Bu noktaya nasıl gelinmiştir? 1971 yılında Balıklı Rum Hastanesi Vakfı Yönetim Kurulu ile Maliye Hazinesi arasında ‘36 Beyannamesi Davaları’ olarak adlandırdığımız davaların ilki başlamış, nihayetinde Yargıtay Hukuk Genel Kuruluna gidilmiş, bu merci ise 8 Mayıs 1974 tarihinde oybirliğiyle ‘36 Beyannamesi’nde bulunmayan malların sonradan edinilemeyeceği kararını vermiştir. İşte bu Yargıtay kararı daha sonra Maliye Hazinesi veya Vakıflar Genel Müdürlüğünce azınlık vakıfları aleyhine açılan benzer davalara ‘emsal içtihat’ teşkil etmiş ve davaların azınlık vakıfları aleyhine sonuçlanmasında birincil derecede rol oynamıştır.
Ne var ki Yargıtay Hukuk Genel Kurulu verdiği kararda büyük bir yanılgıya düşmüş, Türkiye’deki azınlık cemaatini ‘Türk olmayanlar’ olarak değerlendirmiş, Türk olmayanların meydana getirdikleri tüzel kişiliklerin ise taşınmaz mal edinmelerinin yasak olduğunu belirtmiştir. Bu haksızlığa son verilmelidir.
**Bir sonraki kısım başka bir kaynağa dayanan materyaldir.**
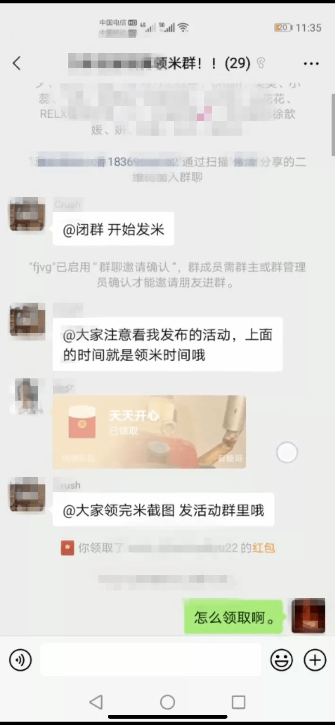 每一次群里发布任务后一两分钟,群主就会发红包让大家抢。这种类型的任务,民警一天完成了四五十个,共兼职刷单获利60元左右。 民警分析 利用碎片时间,点点手机屏幕,就可以轻松获利,虽然不多,但胜在轻松。轻松、自由、零成本获利,这是刷单型诈骗让受害人一开始就情不自禁、感觉自己找到金矿的感觉。 2 制定规则、纪律,让受害人感觉操作很正规。 在完成任务的过程中,民警偶尔故意通过复制、转发他人的截屏滥竽充数,一下子就被群主发现,并被通报。 群里发送任务还固定上下班时间:上午10:00-11:30、下午14:00-16:30,其他时间段,群众会安排抢红包游戏,群成员表演才艺和感言。任务完成后,也规定了完成任务、领权酬的的截止时间,让群成员感觉该群是一个非常正规的兼职刷单群。 民警分析 劳逸结合、软硬兼施,进行群文化的软性输出,特别是群成员的才艺表演、感言,均透露出兼职刷单大有可为,获利很丰厚,让受害人对兼职刷单获利的心理预期不停膨胀。 3 不停换群,对群成员的忠诚度进行筛选。 发布任务和领权酬的群,每半天就会进行更换。时间一到,群主就会在群里告诉发布通告,让所有群成员,扫码加入新的群,重新领取任务、领取红包。 民警分析 频繁的退群、加群操作,是骗子检验群成员兼职刷单获利的欲望是否强烈,对兼职刷单的工作是否可继续坚持,通过筛选,将对兼职刷单的受害人一步一步引向深渊。 4 任务升级,检验受害人是否愿意垫钱刷单。 第一天卧底结束,受害人金某告诉民警,她之前被骗也是一模一样的方式,接下来群里会发布需要垫付蓄资金的刷单任务。 果然,到第二天接近中午,发布任务的群里推送任务:网商冲量返米单,只为商家冲量并无货物发出,暂时无货,不出售挂空单!每人仅此只能做一次,要做的进核算群,不做的不要进。名额20个,完成商家指派的20个名额可共享30米福利。

Bugüne değin Ermeni cemaatinin vakıflarına ait 30’u aşkın çeşitli bina ve arsa bu uygulamayla elinden alınmış ve eski sahiplerine iade edilmiştir.
Devlet bürokrasisi bu haksızlığı üstlenmeyip, ‘Ne yapalım Türkiye’de yargı bağımsızdır’ deyip sorumluluğu yargıya ihale etmiştir. Oysa bu haklı bir savunma değil, tipik bir savuşturmadır. Siyasi erk, eğer istenirse yeni bir yasal düzenleme ile konuya rahatlıkla bir çözüm getirebilir. Getirmelidir de; çünkü bu bir demokrasi ayıbıdır.”
“Azınlık Vakıfları” meselesi, Avrupa Birliği ile uyum sürecinde ciddi ihtilaf konularında bir tanesi de oldu. Gayrimüslim azınlık vakıflarının gerek satın alma gerekse hibe yoluyla taşınmaz mal edinmelerini engelleyen ve 1936’dan sonra edindikleri taşınmazları ellerinden alan uygulama, vatandaşlık, azınlık ve insan haklarına aykırı bulundu. Avrupa İnsan Hakları Mahkemesi kararları sonrasında azınlık vakıflarının mülkleri konusunda 2002, 2003 ve 2008 yıllarında yasada önemli düzenlemeler yapıldı.
Bugün milyonlarca lira değerindeki cemaat vakıflarının el konulan mülklerinin ağır ilerleyen bir şekilde iadesi süreci yaşanıyor. Çeşitli araştırmalara göre bugün aktif 161 cemaat vakfı bulunuyor. Bunların 74’ü Rumlara, 51’i Ermenilere, 18’i Musevilere, 9’u Süryanilere, 3’ü Keldanilere, 2’si Bulgarlara, 1’i Gürcülere, 1’i Ortodokslara ve 1’i Bağımsız Türk Ortodokslarına ait.